Task requirements: Given the records underneath, please repeat exactly the lines from the line with "Tổng thống Nga" through the line with "というわけで、義務ではないが", passing over any picture.

··· Record extracts

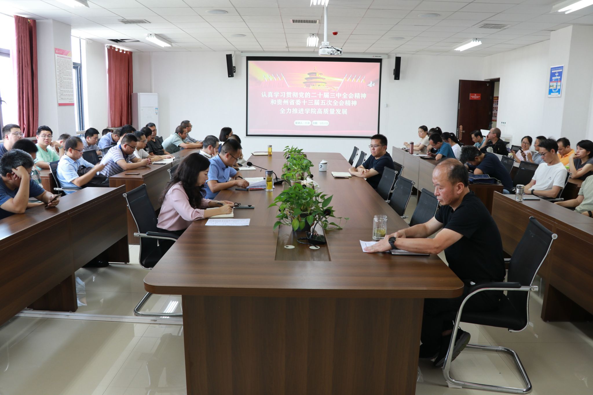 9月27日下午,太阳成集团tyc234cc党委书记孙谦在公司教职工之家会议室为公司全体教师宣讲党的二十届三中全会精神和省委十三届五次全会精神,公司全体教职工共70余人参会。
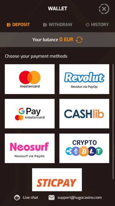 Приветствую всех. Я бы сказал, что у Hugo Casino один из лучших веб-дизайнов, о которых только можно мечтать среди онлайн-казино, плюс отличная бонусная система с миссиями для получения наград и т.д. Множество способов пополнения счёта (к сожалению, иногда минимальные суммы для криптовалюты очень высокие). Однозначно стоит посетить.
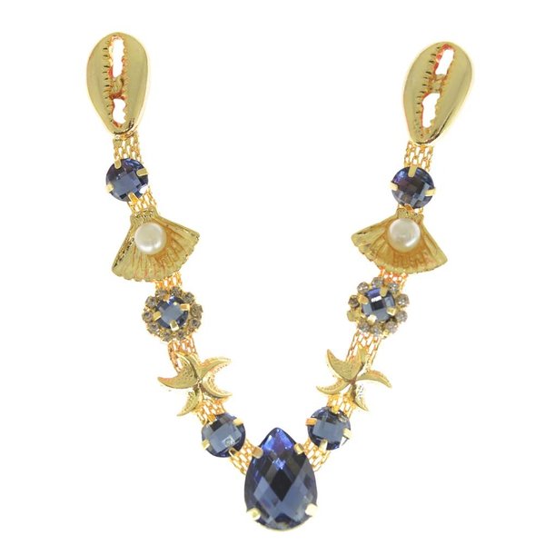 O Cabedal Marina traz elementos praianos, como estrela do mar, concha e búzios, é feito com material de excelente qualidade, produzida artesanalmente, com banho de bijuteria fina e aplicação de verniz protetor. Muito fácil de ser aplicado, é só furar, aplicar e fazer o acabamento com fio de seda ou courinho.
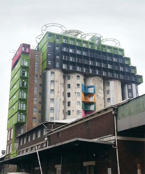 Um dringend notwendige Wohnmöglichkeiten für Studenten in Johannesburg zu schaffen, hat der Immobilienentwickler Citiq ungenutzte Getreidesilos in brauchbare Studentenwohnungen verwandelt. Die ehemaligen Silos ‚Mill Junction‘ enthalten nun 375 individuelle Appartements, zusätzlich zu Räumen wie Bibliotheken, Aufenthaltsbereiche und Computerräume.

······
··· Record extracts

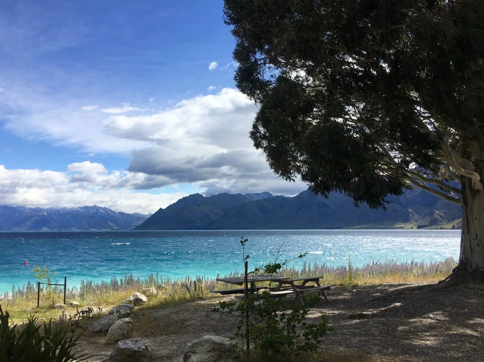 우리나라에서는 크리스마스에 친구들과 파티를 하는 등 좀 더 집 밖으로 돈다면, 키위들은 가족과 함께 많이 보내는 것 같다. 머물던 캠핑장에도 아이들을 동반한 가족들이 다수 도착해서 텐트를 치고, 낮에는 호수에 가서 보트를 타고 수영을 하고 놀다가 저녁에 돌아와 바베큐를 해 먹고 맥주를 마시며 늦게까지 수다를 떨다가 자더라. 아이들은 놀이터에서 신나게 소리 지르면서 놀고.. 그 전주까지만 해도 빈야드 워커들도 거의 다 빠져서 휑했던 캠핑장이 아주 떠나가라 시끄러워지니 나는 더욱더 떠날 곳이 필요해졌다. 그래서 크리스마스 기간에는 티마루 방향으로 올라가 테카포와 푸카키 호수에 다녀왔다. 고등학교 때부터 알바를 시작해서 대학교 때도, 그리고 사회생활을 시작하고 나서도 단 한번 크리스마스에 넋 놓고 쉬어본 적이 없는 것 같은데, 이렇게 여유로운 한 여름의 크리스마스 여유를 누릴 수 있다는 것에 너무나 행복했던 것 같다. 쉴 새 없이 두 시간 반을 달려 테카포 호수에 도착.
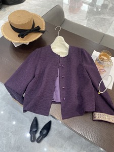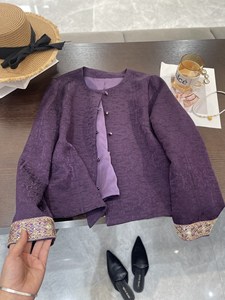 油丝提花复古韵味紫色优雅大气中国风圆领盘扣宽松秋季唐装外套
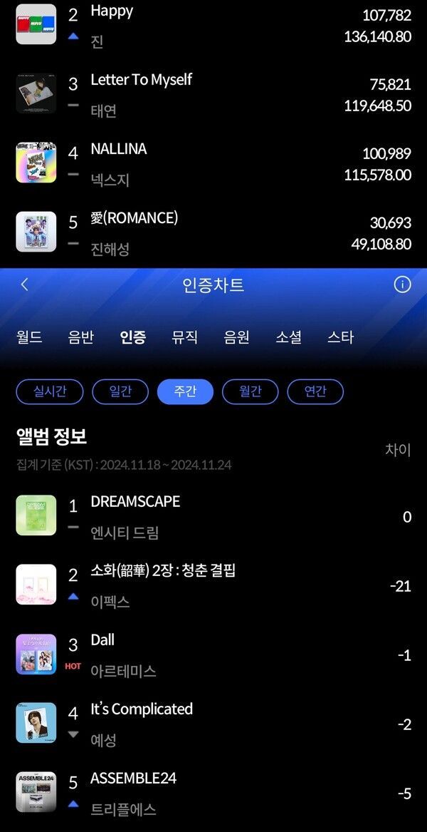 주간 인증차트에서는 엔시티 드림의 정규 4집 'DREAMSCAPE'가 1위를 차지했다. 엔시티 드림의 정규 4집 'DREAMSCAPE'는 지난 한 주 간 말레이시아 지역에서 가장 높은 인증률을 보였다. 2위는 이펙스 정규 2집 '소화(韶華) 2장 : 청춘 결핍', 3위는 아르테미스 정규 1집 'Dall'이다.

······
··· Record extracts

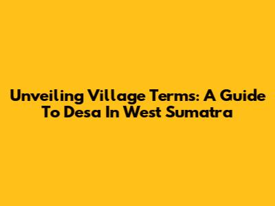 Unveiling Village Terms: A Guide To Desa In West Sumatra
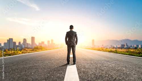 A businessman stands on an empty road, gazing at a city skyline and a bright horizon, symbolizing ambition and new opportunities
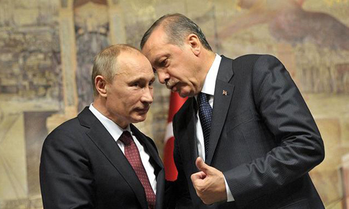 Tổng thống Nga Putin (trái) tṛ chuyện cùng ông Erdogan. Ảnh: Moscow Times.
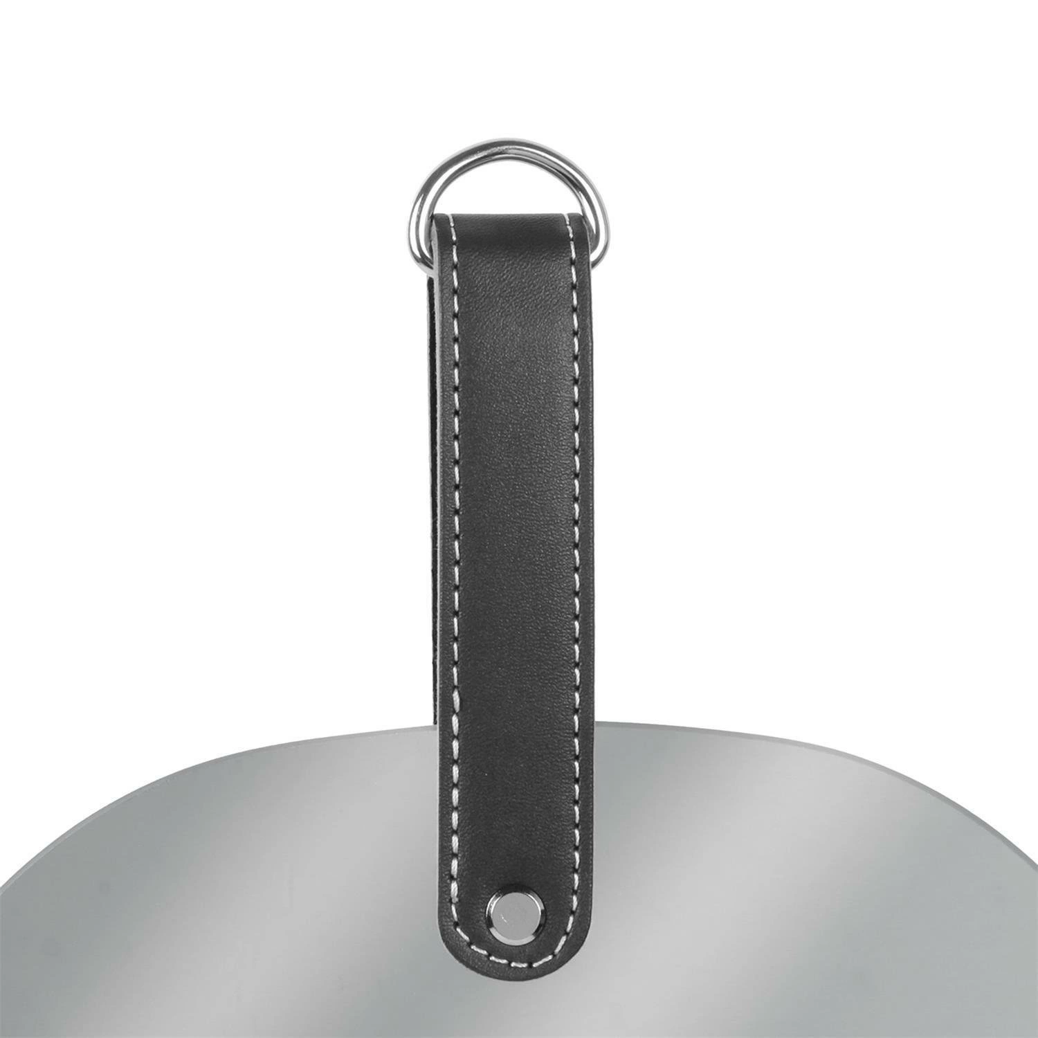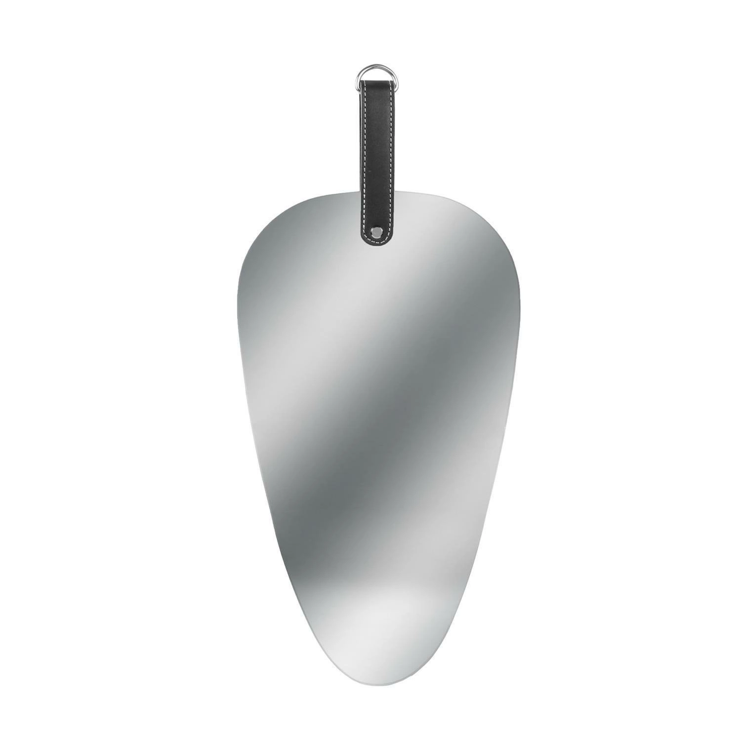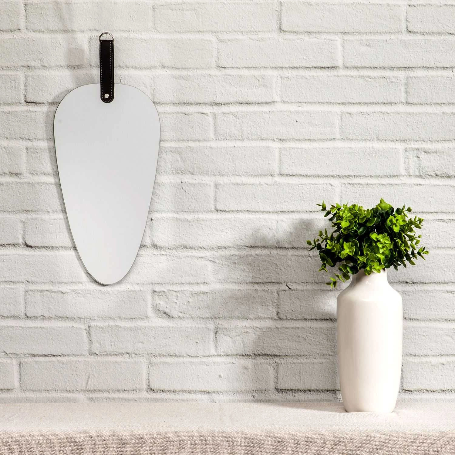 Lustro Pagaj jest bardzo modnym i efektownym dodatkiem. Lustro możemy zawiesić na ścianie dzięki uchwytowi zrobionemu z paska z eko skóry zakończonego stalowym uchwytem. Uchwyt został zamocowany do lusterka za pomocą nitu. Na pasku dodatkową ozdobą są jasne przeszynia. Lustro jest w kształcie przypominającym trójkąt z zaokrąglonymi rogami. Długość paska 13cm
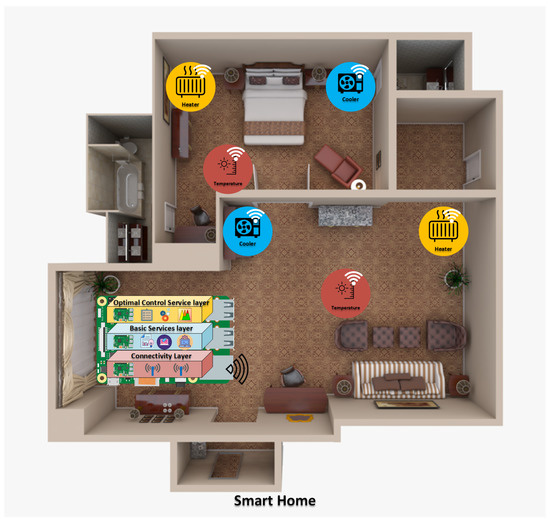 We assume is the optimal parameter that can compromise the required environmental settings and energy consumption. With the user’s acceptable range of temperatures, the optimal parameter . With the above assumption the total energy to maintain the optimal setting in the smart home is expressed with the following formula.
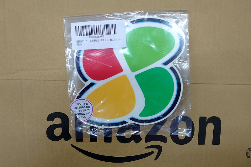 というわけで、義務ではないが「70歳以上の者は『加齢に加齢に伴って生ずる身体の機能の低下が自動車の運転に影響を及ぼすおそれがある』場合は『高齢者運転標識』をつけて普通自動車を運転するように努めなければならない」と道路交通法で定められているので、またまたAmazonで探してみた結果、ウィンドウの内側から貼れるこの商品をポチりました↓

······

Solution for this exercise:
 Tổng thống Nga Putin (trái) tṛ chuyện cùng ông Erdogan. Ảnh: Moscow Times.
 Lustro Pagaj jest bardzo modnym i efektownym dodatkiem. Lustro możemy zawiesić na ścianie dzięki uchwytowi zrobionemu z paska z eko skóry zakończonego stalowym uchwytem. Uchwyt został zamocowany do lusterka za pomocą nitu. Na pasku dodatkową ozdobą są jasne przeszynia. Lustro jest w kształcie przypominającym trójkąt z zaokrąglonymi rogami. Długość paska 13cm
 We assume is the optimal parameter that can compromise the required environmental settings and energy consumption. With the user’s acceptable range of temperatures, the optimal parameter . With the above assumption the total energy to maintain the optimal setting in the smart home is expressed with the following formula.
 というわけで、義務ではないが「70歳以上の者は『加齢に加齢に伴って生ずる身体の機能の低下が自動車の運転に影響を及ぼすおそれがある』場合は『高齢者運転標識』をつけて普通自動車を運転するように努めなければならない」と道路交通法で定められているので、またまたAmazonで探してみた結果、ウィンドウの内側から貼れるこの商品をポチりました↓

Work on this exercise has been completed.